Peter Pomerantsev – Senior Fellow at the SNF Agora Institute at Johns Hopkins University and Co-Director of the Arena Initiative, a research project dedicated to overcoming the challenges of digital era disinformation and polarisation. His book on Russian propaganda, Nothing is True and Everything is Possible, won the 2016 Royal Society of Literature Ondaatje Prize and was nominated for the Samuel Johnson, Guardian First Book, Pushkin House and Gordon Burns Prizes. His latest book, This is Not Propaganda, was released in August 2019 and has been shortlisted for the Gordon Burns Prize and was a Times Book of the Year. Peter has testified on the challenges of information war and media development to the U.S. House Foreign Affairs Committee, U.S. Senate Foreign Relations Committee and the UK Parliament Defence Select Committee.

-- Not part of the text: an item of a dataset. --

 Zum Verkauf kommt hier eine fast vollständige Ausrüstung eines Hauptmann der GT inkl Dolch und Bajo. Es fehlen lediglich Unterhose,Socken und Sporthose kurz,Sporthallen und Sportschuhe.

He was a specialist advisor on the ‘UK Parliamentary Committee on Fake News’, and was a member of USC Annenberg’s ‘Transatlantic Working Group on Internet Content Moderation and Freedom of Expression’. Peter writes for publications including the NY Times, Granta, The Atlantic and American Interest, and is frequently asked to host policy seminars at NATO, the EU, the UK FCO, German Foreign Office, and US State Department.
Ethan Zuckerman – Director of the Institute for Digital Public Infrastructure. Ethan is also associate professor of public policy, information and communication at the University of Massachusetts at Amherst. His research focuses on the use of media as a tool for social change, the use of new media technologies by activists and alternative business and governance models for the internet. He is the author of Mistrust: How Losing Trust in Institutions Provides Tools to Transform Them (2020) and Rewire: Digital Cosmopolitans in the Age of Connection (2013). With Rebecca MacKinnon, Zuckerman co-founded the international blogging community Global Voices. Previously, Zuckerman directed the Center for Civic Media at the MIT Media Lab. In 2000, Zuckerman founded Geekcorps, a technology volunteer organization that sends IT specialists to work on projects in developing nations, with a focus on West Africa. He and his family live in Berkshire County in western Massachusetts.